При очередном мигании синей лампочки Забнин заметил на темном металле снаряда белую надпись. Мелом было выведено: «За Москву!» — и рядом помельче: «За Старую Руссу!» Забнин догадался, что надписи эти сделал котельный машинист Герман Синицын, по боевому [75] расписанию выполнявший обязанности загрузчика артиллерийского элеватора. На службу во флот Синицын призывался из старинного русского города, за который теперь мстил ненавистному врагу.

Подав снаряд, Забнин крикнул в переговорную трубу:

— Синицын! Напиши «За Ленинград!»

— И за Киев, за Минск, — послышались голоса. — За Смоленск!

— Товсь! — крикнул командир орудия Афонин и по привычке поднял руку, хотя в темноте никто не мог увидеть его жеста.

И тотчас крякнул ревун.

Гром залпа больно ударил в уши. Орудие старшины 2-й статьи Николая Афонина четко выдерживало высокий темп стрельбы. Не отставали и расчеты старшин Филя, Коняхина и Турского.

Наводчики четвертой пушки Павлушкин и Нестеровский работали молча. Сейчас у них была одна забота: точно совмещать стрелки приборов. И они вращали и вращали штурвалы, не замечая ничего вокруг. От напряжения ныли мышцы.

Был случай, когда перегорел предохранитель элеватора. Артиллеристам пришлось вручную приводить в движение механизм подачи. Это был адский труд. Но скорострельность орудия не снизилась.

Стрельба с короткими перерывами продолжалась всю ночь. Над сопками уже брезжил рассвет. Корабль малым ходом двинулся к горлу фиорда. Матросы и старшины на юте обступили комиссара Рожкова. Старший политрук сказал им:

— Лейтенант Гаврилов сообщает, что мы своим огнем накрыли фашистские дзоты и землянки, разбили минометную батарею и командный пункт.

И, обращаясь к Забнину, когда-то стремившемуся списаться с корабля на сухопутный фронт, Рожков добавил:

— Мы врага не видим в глаза, но бьем его насмерть, так же как и наши друзья на передовой.

«Гремящий» со стремительными обводами узкого корпуса, лобастой башней дальномерного поста и откинутой чуть назад широкой трубой шел вдоль притихшего берега.

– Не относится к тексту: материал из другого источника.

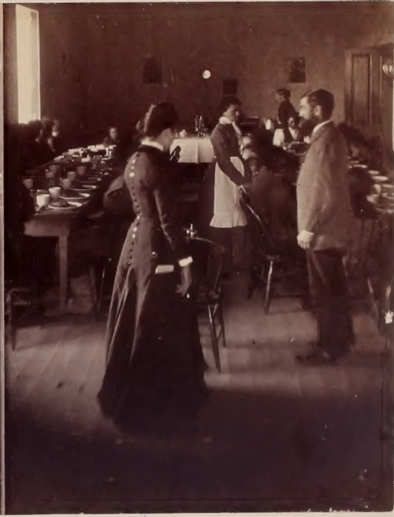
Indian School at Albuquerque, New Mexico.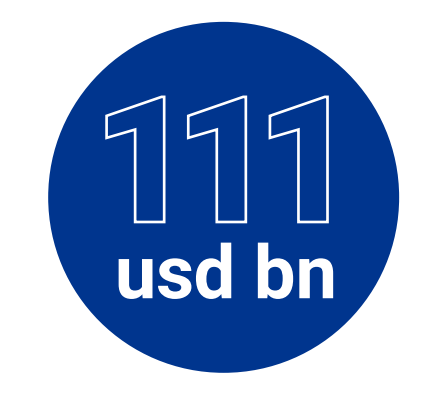
Cost of catastrophic events to the property insurance industry in 2021

Touchstone Re<sup>™</sup> allows you to quantify and manage the loss potential of reinsurance contracts and portfolios, enabling you to manage your pricing and portfolio management workflows as never before.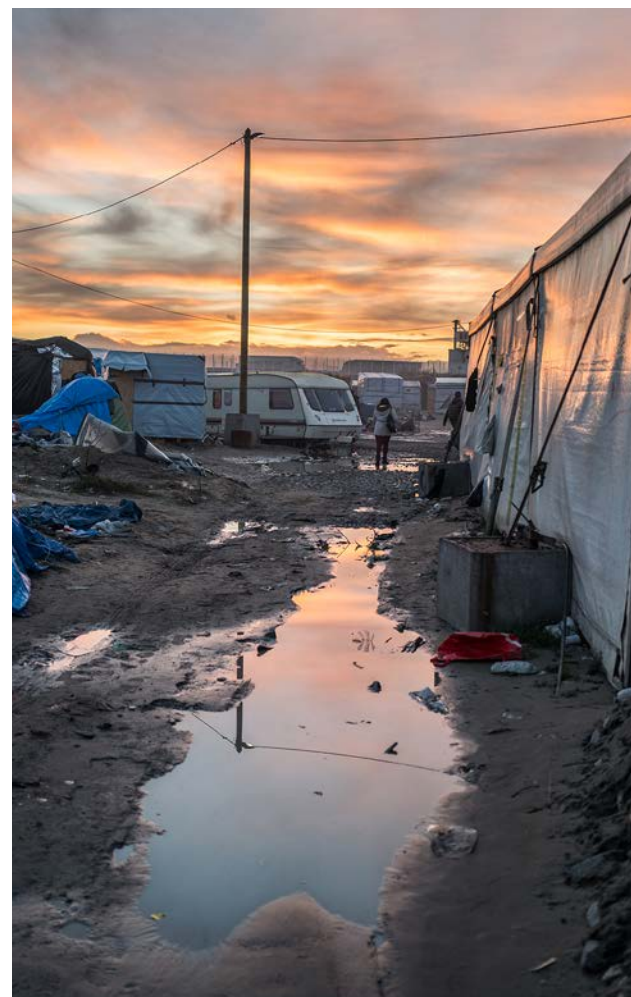
Sunset over the Calais 'Jungle'.

This, however, was to change quickly following evictions of parts of the camp and the subsequent continuous police blockade of building material entering the camp (see p.19 below).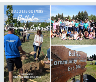
Buffalo, WY community orchard planting project was installed with the help of the Boys and Girls Club of Buffalo, the First Lady and Governor of Wyoming, and community volunteers on June 1, 2021.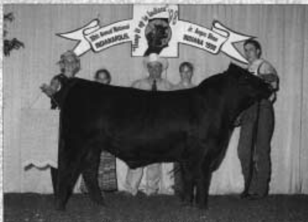
Reserve grand and calf champion BC Johnny Walker Black Label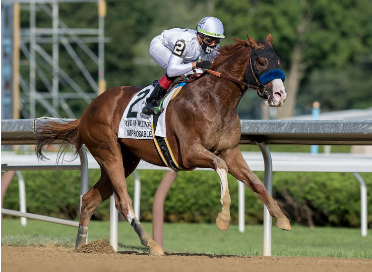
Improbable wins the Whitney

Undefeated at two, Improbable broke his maiden at first asking at 'The Great Race Place' in late September of 2018. He followed that up with a score in the Street Sense S. at Churchill Downs in early November, an effort which earned him a 'TDN Rising Star' badge. Improbable's juvenile year ended with a five-length victory in the GI Los Alamitos Futurity.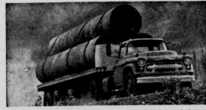
All the way in DRIVE range with Powermatic! This Powermatic-equipped 10000 Series tractor traveled the Alcan Highway in a single forward-speed range!

Only franchised Chevrolet dealers CHEVROLET display this famous trademark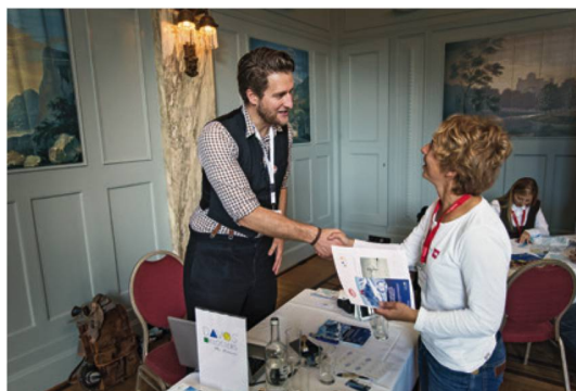
Winter workshop in The Hague's Koninklijke Schouwburg.

Legendary Californian producer and director of spectacular skiing and snowboarding films Warren Miller included sensational Swiss imagery in his most recent work "No Turning Back". Through ST's efforts, Swiss landscapes, as well as our partners SWISS and Mammút, are present in ten of the film's 90 minutes. Thanks to integrated marketing ST was able to strengthen the US image of Switzerland as a preferred winter destination to an audience of around 150,000.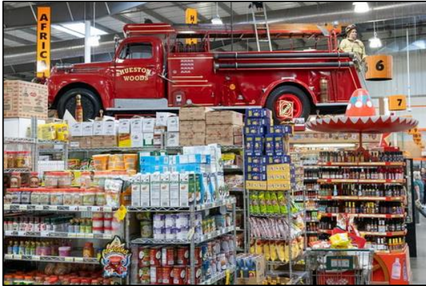
Fire Engine in hot sauce department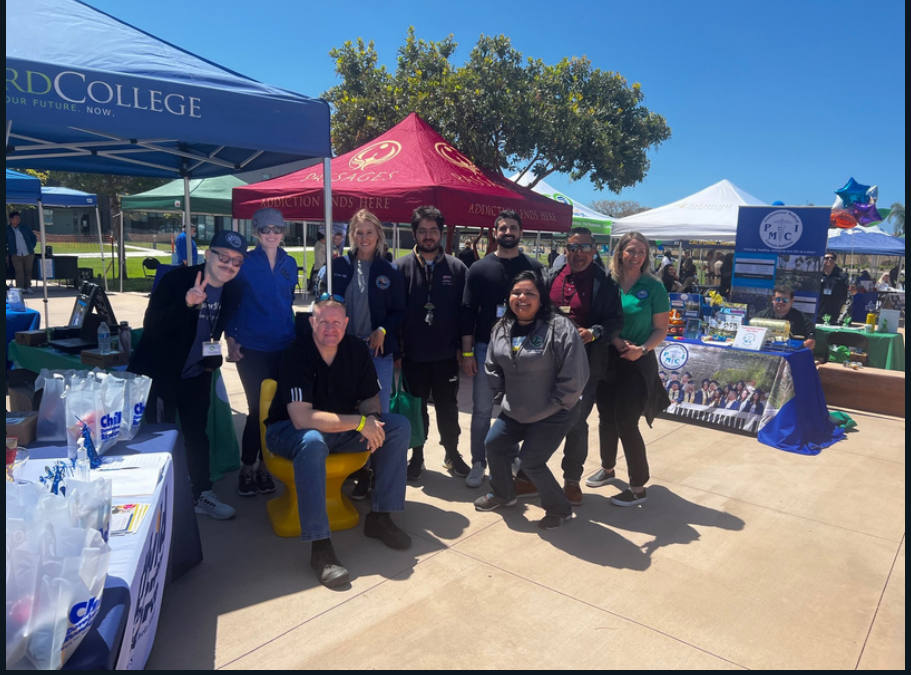
The career center had a very successful Job Fair.

Вдруг яркими вспышками озарилось небо на западе. [76]

Донеслись два глухих взрыва (именно они так взволновали лейтенанта Гаврилова и его спутников).

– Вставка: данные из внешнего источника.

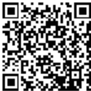
Fosi Audio Product's User Manual

After-sale Service and Technical Support Email: support@fosiaudio.com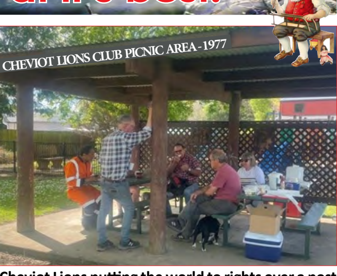
Cheviot Lions putting the world to rights over a post working bee snack.

Christchurch Host Lions - being a Lion isn't all pakeke mahi, as these members know. A regular social time is essential in their search for great coffee.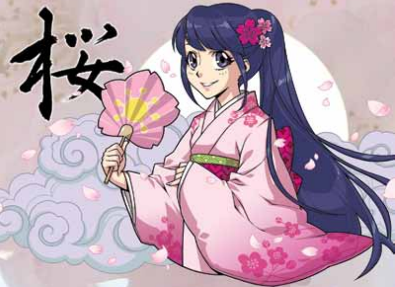
Momoka Harumi, official mascot of the Subaru Cherry Blossom Festival

As a 501(c)(3) non-profit, JASGP is a member supported organization. To become a member, to get involved, or for more information, visit japanphilly.org .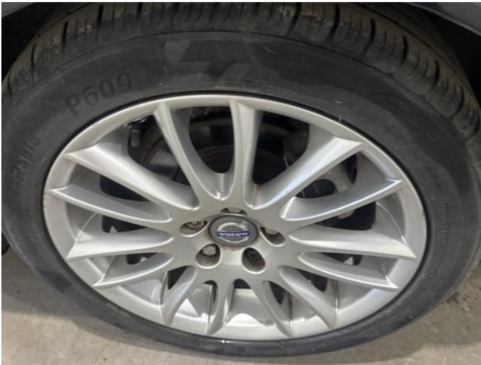
11: Wheel nsr Scratched Over 50mm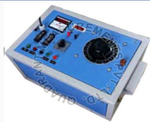
1500 Amp. Primary Injection Kit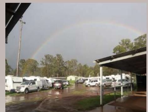
After the storm—A Double Rainbow to start Afresh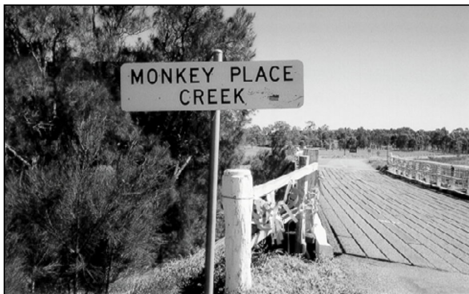
Monkey Creek Place NSW.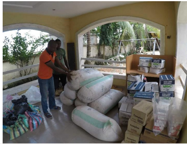
Food aid prepared at the AMURT office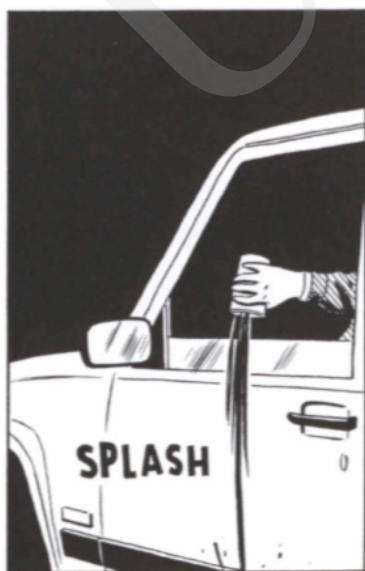
Fig 10. Tomine, A. (2012). Shortcomings . London: Faber and Faber, p. 37.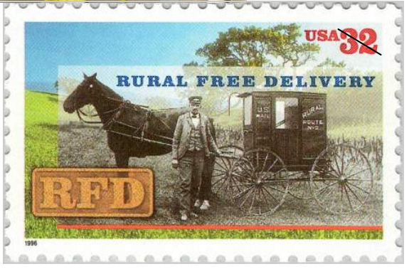
USA #3090 from 1996

A similar rural mail c a r r i e r carriage is shown on USA #3090 from 1996.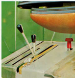
Auxiliary control units

— Пожалуй, это наша работа! — приподнялся Хоменко. — Не иначе как у фашистов рвется боезапас...

Машинист оказался прав: об этом же сообщили пехотинцы с фронта.

* * *

Вечером, когда отдохнувшие матросы привели в порядок орудия и произвели приборку, на юте появился штурман старший лейтенант Ивашенко. Он достал из кармана записную книжку:

— Моряки! Послушайте-ка, что я написал. Только договор: если плохо, говорите прямо. Идет?

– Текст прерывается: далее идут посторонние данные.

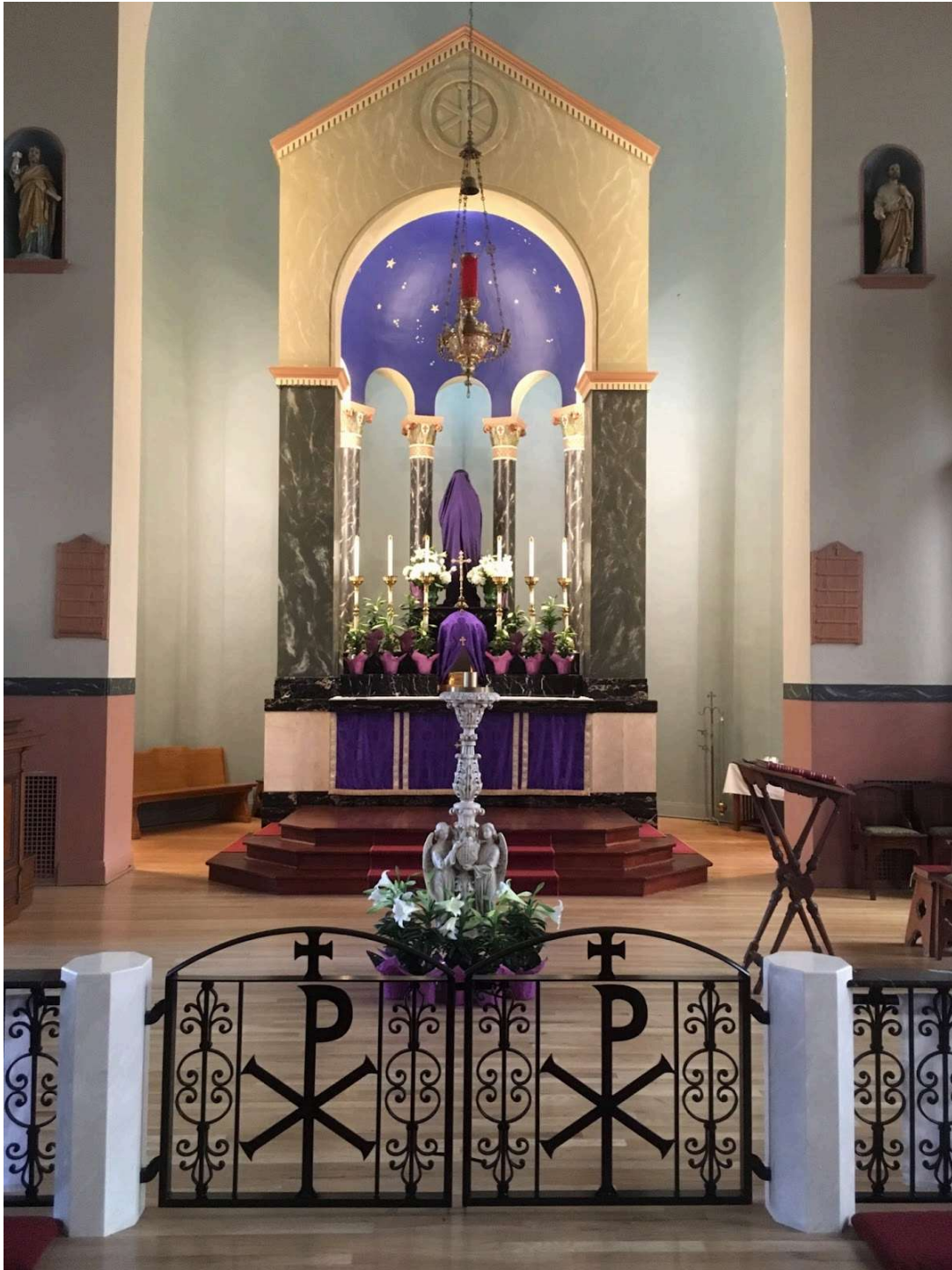
Holy Saturday at St. Stephen's, 2021

— Слушаем! — раздалось со всех сторон.

Штурман, заметно волнуясь, начал читать:

Норд-вестом качало Баренцево море,
Мы курс проложили к чужим берегам
И вышли из базы, чтоб в огненном споре
В бурливую ночь уничтожить врага...
На мостике в сумерках снежных и мглистых,
Где фосфором светят приборов круги,
Фигура знакомая артиллериста
На целую голову выше других.

— Это наш старший лейтенант Рудаков! — сразу догадались артиллеристы. — Верно схвачено.

— Тише!

Миль пройдено морем Баренцевым много,
Отмечены штурманом точно места...
И вдруг — силуэт. Боевая тревога!
Корабль развернулся, бойцы на постах,
Снаряды в стволах, и движением скорым
Со щелканьем сдвинуты поршни затворов.
Готово! Огонь ты открыть приказал,
И с грохотом вырвался пламенный залп.

— Это точно! Наш Олимп Иванович медлить не любит! — улыбнулся Турский.

А ты наблюдаешь, и воле твоей
Послушны движенья десятков людей.
Корабль маневрирует, ринувшись в бой.
Разрывы снарядов у нас за кормой.
Здесь время считают секундною стрелкой,
Ты с первых же залпов кончаешь пристрелку. [77]

— Это о той стрельбе по берегу, когда мы разбили три батареи! — опять не вытерпел Турский.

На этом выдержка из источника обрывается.